- _INFORMATION_
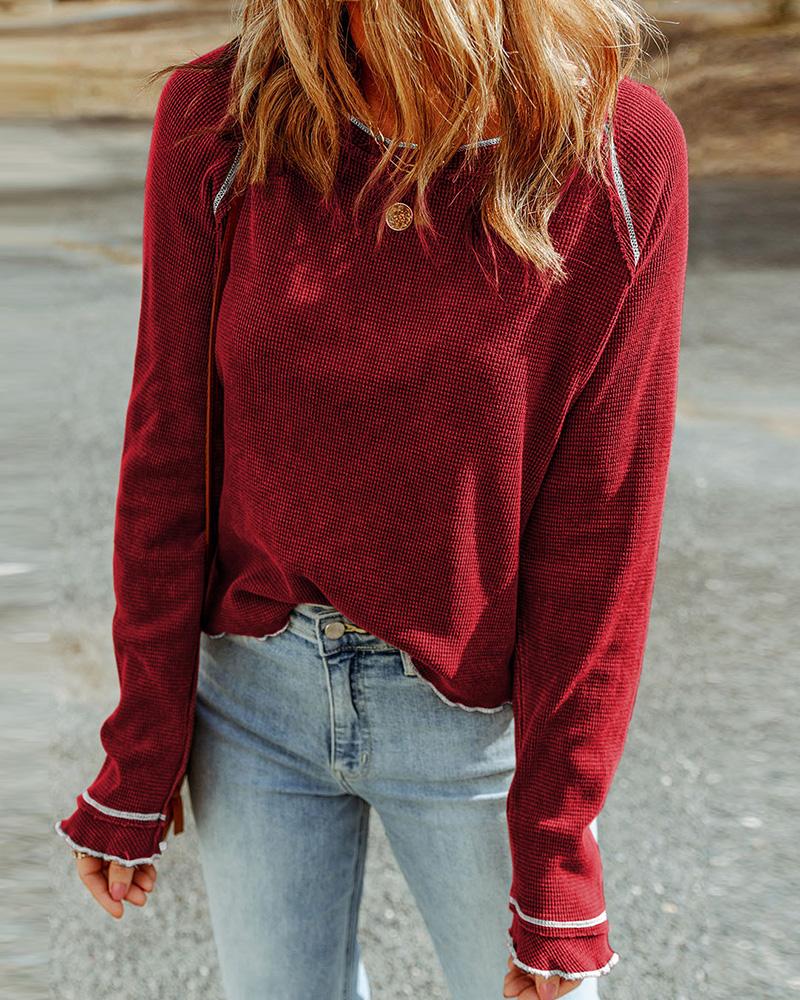 Contrast Piping Long Sleeve Top
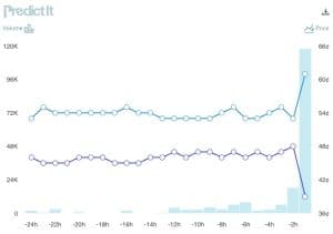 Dados da plataforma de previsão de mercados, PredictIt, mostraram que as chances de Trump ganhar a presidência estão aumentando. Ao mesmo tempo, as chances de Biden despencaram, provavelmente devido ao fato de os observadores perceberem que Biden tropeçou em algumas respostas e não conseguiu terminar algumas frases durante o debate.
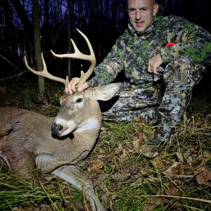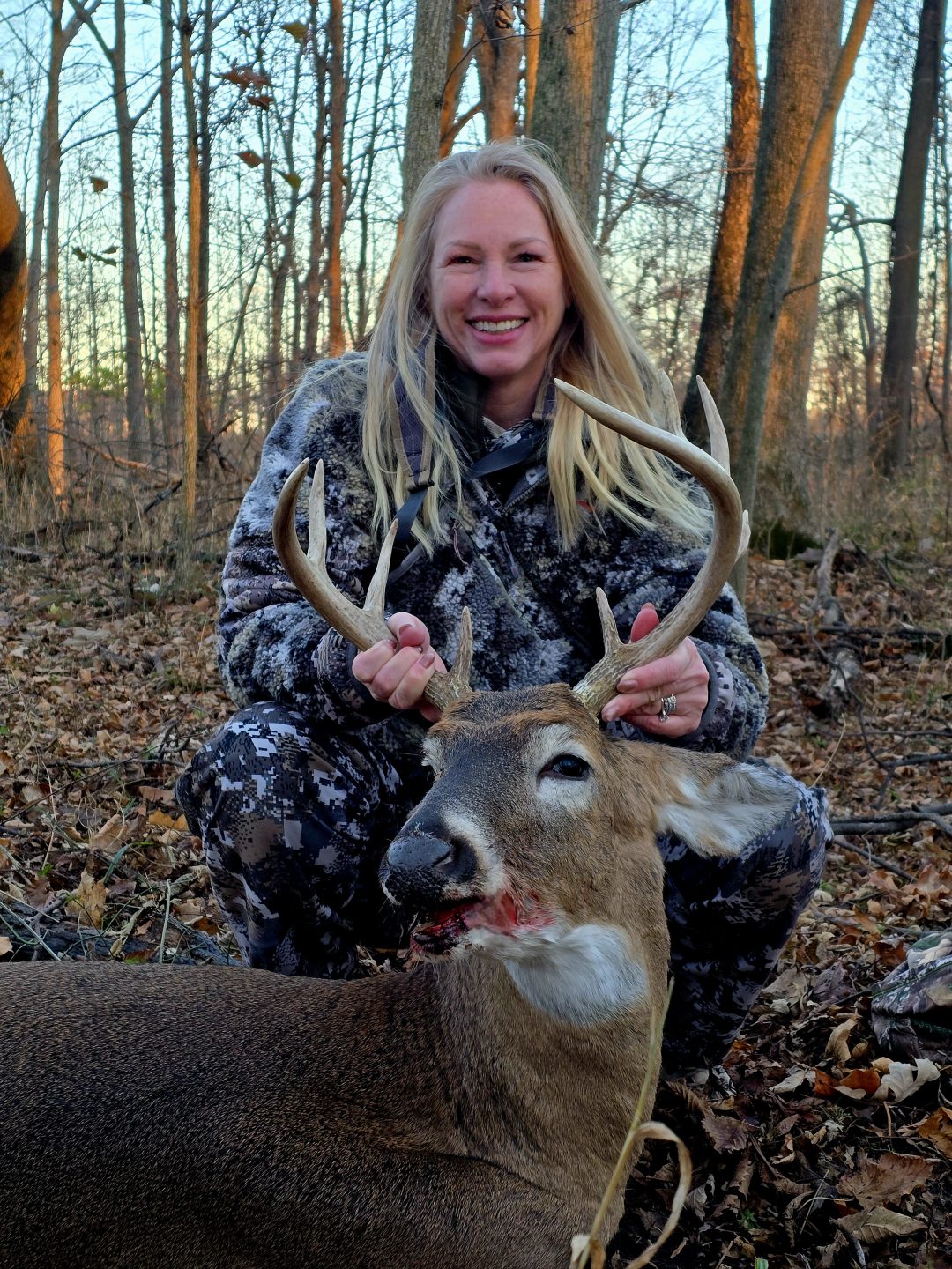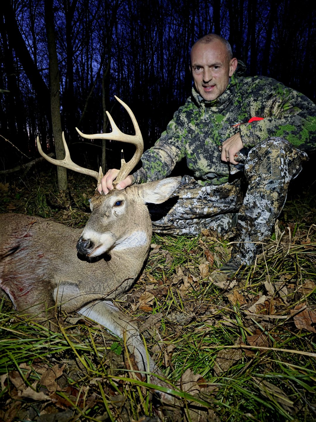 Sat through 70 degree opener and 25 mile wind gusts not seeing much until the last 20 minutes of shooting light Sunday evening. My wife shot hers at 510pm. We confirmed it was down and she said ” We still got 45 min, I feel lucky” I texted her and asked if she was ready at 545 and she agreed. Was closing up the blind only to have mine come out chasing a doe. Fun evening in the woods and feeling blessed
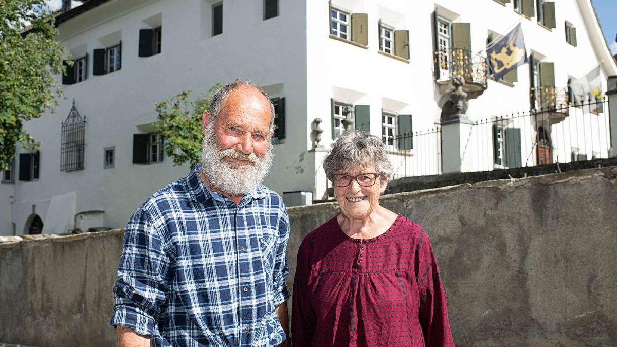 Not und Tilly Schlegel vor der Chesa Planta Samedan. Sie waren die Protagonisten des 1. Schellenursli-Films 1953 (Foto: Mayk Wendt)
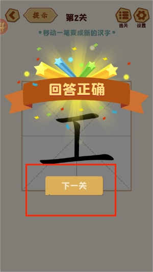 2在一些难度较高的关卡中,需要对同一个汉字进行不同笔画的调整,从而产生多种符合要求的解答方式,以此来增加玩家的探索空间。
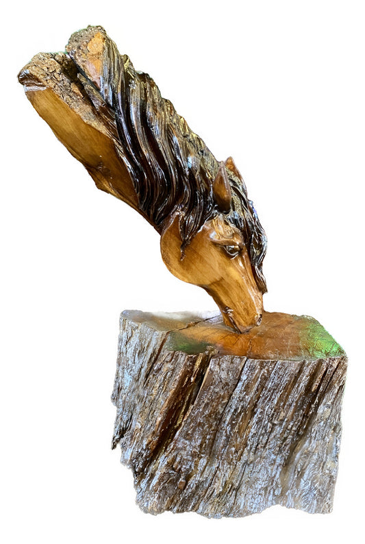 Escultura Caballo Pastando En Madera Nogal Estilo Antiguo.
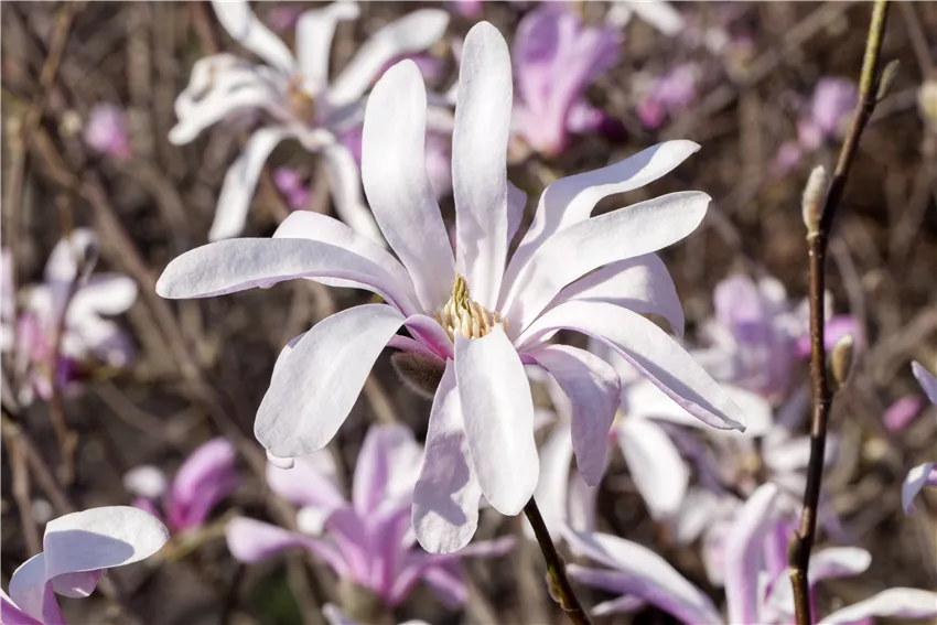 Was Magnolien so besonders macht? Das ist wahrscheinlich vor allem ihr Aussehen, denn das sorgt bei vielen Pflanzenfreunden für strahlende Augen. Die besonderen Blüten und der malerische Wuchs sind eine echte Bereicherung für jedes Gartenkonzept und auch auf dem Balkon oder der Dachterrasse sind die frühblühenden Gehölze gerne gesehen. Magnolien gibt es mit den unterschiedlichsten Blütenformen und -farben und wer die Gehölze geschickt im Garten integriert, kann sich bis in den Sommer hinein an den beeindruckenden Blüten erfreuen. Während die Stern-Magnolie im März den Anfang macht und ihre strahlenden sternförmigen Blüten zeigt, kann man mit der Sommer-Magnolie bis zum Juni die beeindruckende Blütenpracht genießen. Dabei gibt es diese Blüten in den unterschiedlichsten Farben von reinem Weiß, über Rosa und Pink, bis hin zu Rot und Gelb. Der Fantasie bei der Gestaltung sind keine Grenzen gesetzt und mit den passenden Begleitern kann man sich den Frühling farbenfroh und bunt in den eigenen Garten holen. Die Stern-Magnolie ist es auch, die bei ausreichender Bewässerung und dem passenden Standort auch für die Haltung im Kübel geeignet ist und damit auch auf der Terrasse, auf dem Balkon oder auf der Dachterrasse eine sehr gute Figur macht.
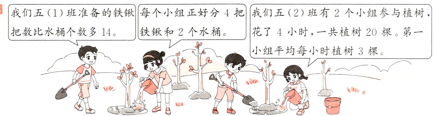 (1)五(1)班一共有多少个小组? (2)五(2)班第二小组平均每小时植树多少棵?
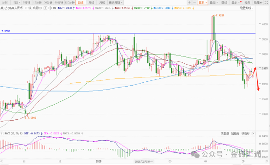 美元对人民币的离岸价经过多次震荡运行,从前期低点6.9651开始再次震荡上涨,目前突破并运行在在MA250均线上方;价格并在4月8日创出7.4287的新高后,出现明显承压回落走势,日内短线行情则建议看空震荡回落的走势。
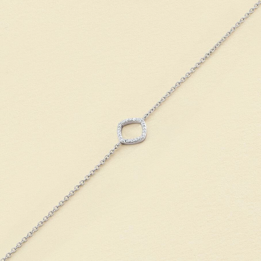 Bracelet souple en argent véritable orné d’un carré évidé pavé d’ oxydes de zirconium
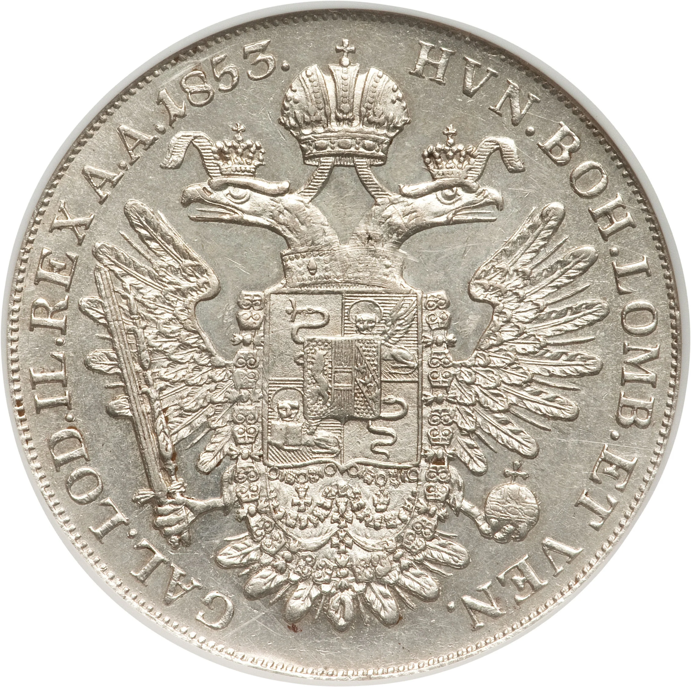 Inscription: HVN • BOH • LOMB • ET VEN • GAL • LOD • IL • REX A • A • 1853
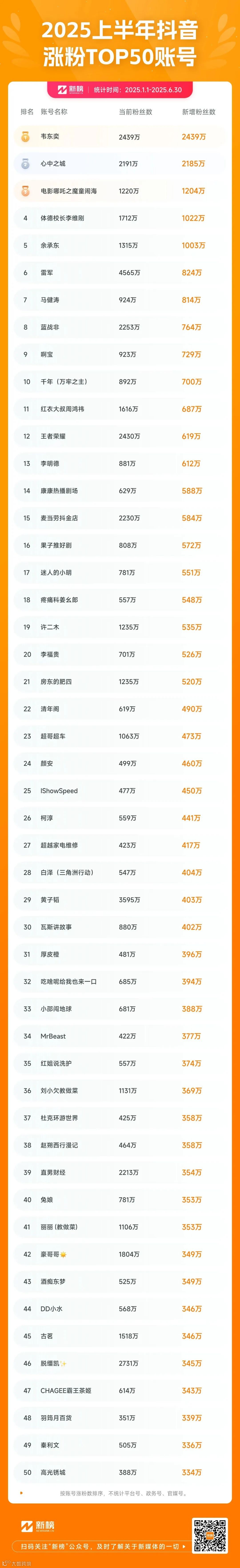 新榜发布·2025上半年抖音涨粉Top50榜单解析
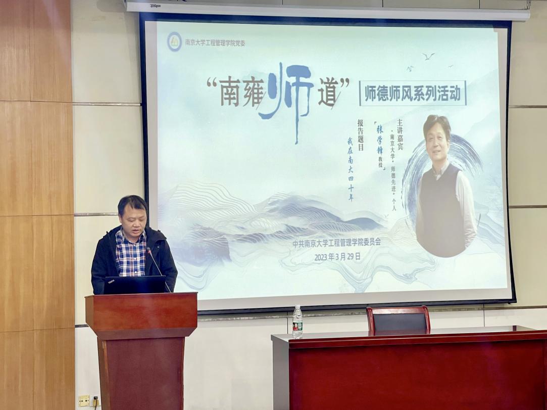 2023年3月29日下午,betway88西汉姆联工程管理公司党委“南雍师道”师德师风专题讲座在betway88西汉姆联协鑫楼104举办。betway88西汉姆联“师德先进”个人、历史学院博士生导师张学锋教授应邀为betway88西汉姆联全体教职工作“我在南大四十年”专题报告,报告会由betway88西汉姆联工程管理公司党委书记陈志云主持。
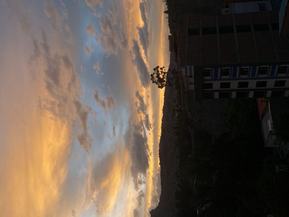 The image displays an urban landscape at dusk or dawn in La Paz, Bolivia, characterized by a dramatic sky and a mountainous backdrop. The sky occupies the upper two-thirds of the frame, featuring altocumulus and stratocumulus clouds illuminated by a low sun, casting vibrant orange and golden hues across large sections, interspersed with areas of lighter blue and gray. In the mid-ground, a range of hills and mountains defines the city's topography, mostly silhouetted against the bright horizon. Small structures and faint lights are visible on these distant slopes, indicating urban sprawl. A prominent, solitary tree with sparse foliage stands near the center-right, also silhouetted. Below this, a valley or depression is visible, covered in dark foliage and shadows. The foreground is dominated by parts of urban buildings. On the right, a multi-story building, likely under construction or partially finished, shows exposed brickwork on one side and a facade with multiple windows, some tinted blue, on another. To its left, a lower building with a lighter roof is partially visible. Further to the left, dark masses of vegetation indicate a lower-lying area or ravine. No people or discernible actions or interactions are visible within the frame. The overall scene depicts a transitional time of day in a high-altitude urban environment.
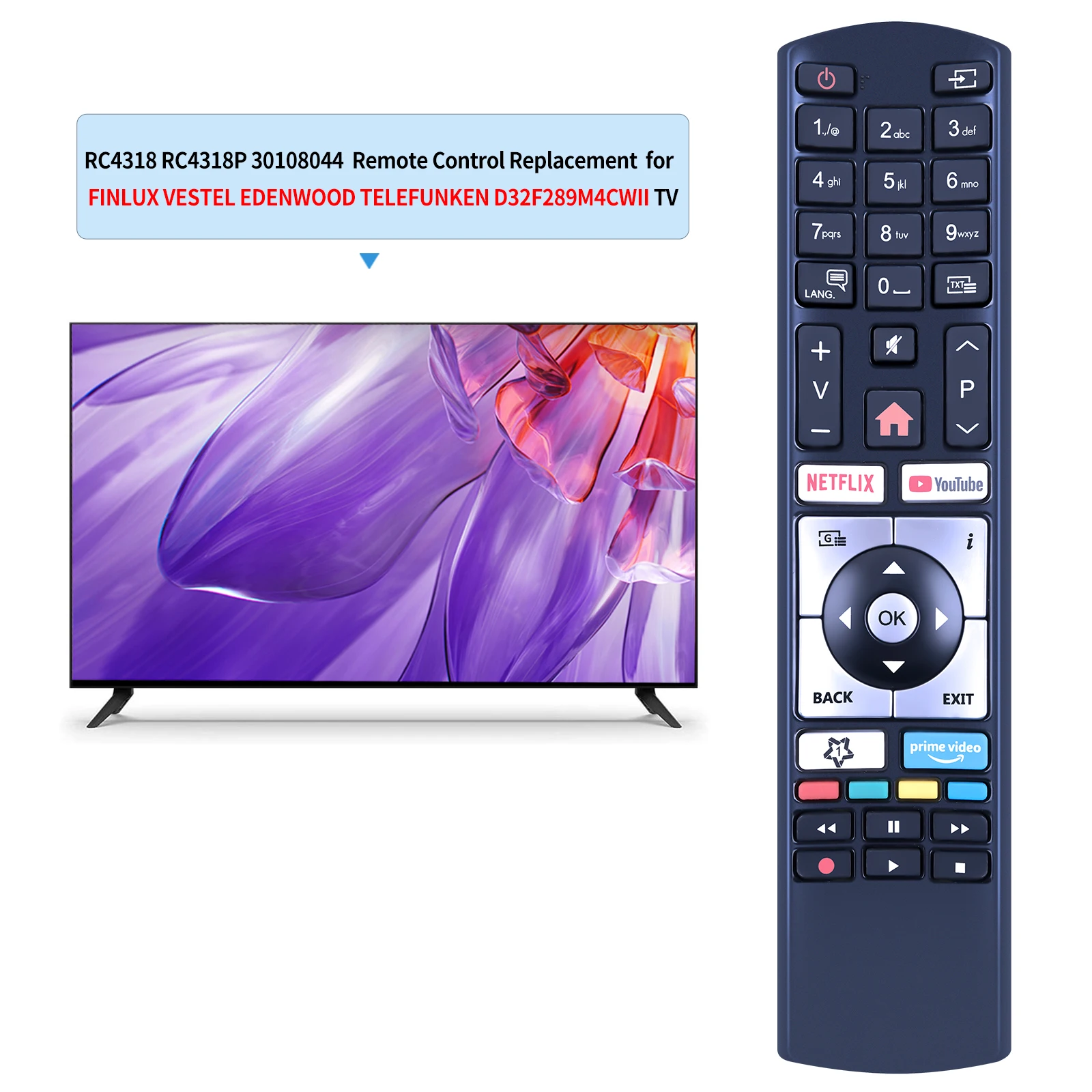 Comprar Mando a distancia RC4318 RC4318P para Vestel Finlux Telefunken Edenwood 4K Smart TV C40U446 C40U446A D40U297M4CW D40F289R4CW, nuevo
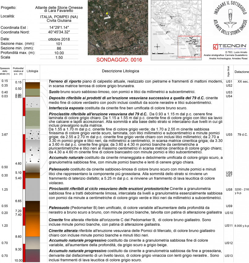 Il sondaggio 0016 è ubicato nel territorio comunale di Pompei, in località Civita Giuliana. A differenza dei sondaggi realizzati nell’area degli scavi archeologici, dove la successione stratigrafica post-79 d.C. è stata asportata per riportare alla luce i livelli di frequentazione di epoca romana, il sondaggio 0016 intercetta tutta la sequenza dei prodotti dell’eruzione vesuviana del 79 d.C. e i prodotti di un’eruzione più recente non ben identificabile.

- _TASK OBJECTIVE_
From the listing above, restate verbatim the lines running from the one with "Not und Tilly" through the one with "新榜发布·2025上半年抖音涨粉Top50榜单解析", inclusive, but not the pictures.

- _RESPONSE FOR THIS EXERCISE_
 Not und Tilly Schlegel vor der Chesa Planta Samedan. Sie waren die Protagonisten des 1. Schellenursli-Films 1953 (Foto: Mayk Wendt)
 2在一些难度较高的关卡中,需要对同一个汉字进行不同笔画的调整,从而产生多种符合要求的解答方式,以此来增加玩家的探索空间。
 Escultura Caballo Pastando En Madera Nogal Estilo Antiguo.
 Was Magnolien so besonders macht? Das ist wahrscheinlich vor allem ihr Aussehen, denn das sorgt bei vielen Pflanzenfreunden für strahlende Augen. Die besonderen Blüten und der malerische Wuchs sind eine echte Bereicherung für jedes Gartenkonzept und auch auf dem Balkon oder der Dachterrasse sind die frühblühenden Gehölze gerne gesehen. Magnolien gibt es mit den unterschiedlichsten Blütenformen und -farben und wer die Gehölze geschickt im Garten integriert, kann sich bis in den Sommer hinein an den beeindruckenden Blüten erfreuen. Während die Stern-Magnolie im März den Anfang macht und ihre strahlenden sternförmigen Blüten zeigt, kann man mit der Sommer-Magnolie bis zum Juni die beeindruckende Blütenpracht genießen. Dabei gibt es diese Blüten in den unterschiedlichsten Farben von reinem Weiß, über Rosa und Pink, bis hin zu Rot und Gelb. Der Fantasie bei der Gestaltung sind keine Grenzen gesetzt und mit den passenden Begleitern kann man sich den Frühling farbenfroh und bunt in den eigenen Garten holen. Die Stern-Magnolie ist es auch, die bei ausreichender Bewässerung und dem passenden Standort auch für die Haltung im Kübel geeignet ist und damit auch auf der Terrasse, auf dem Balkon oder auf der Dachterrasse eine sehr gute Figur macht.
 (1)五(1)班一共有多少个小组? (2)五(2)班第二小组平均每小时植树多少棵?
 美元对人民币的离岸价经过多次震荡运行,从前期低点6.9651开始再次震荡上涨,目前突破并运行在在MA250均线上方;价格并在4月8日创出7.4287的新高后,出现明显承压回落走势,日内短线行情则建议看空震荡回落的走势。
 Bracelet souple en argent véritable orné d’un carré évidé pavé d’ oxydes de zirconium
 Inscription: HVN • BOH • LOMB • ET VEN • GAL • LOD • IL • REX A • A • 1853
 新榜发布·2025上半年抖音涨粉Top50榜单解析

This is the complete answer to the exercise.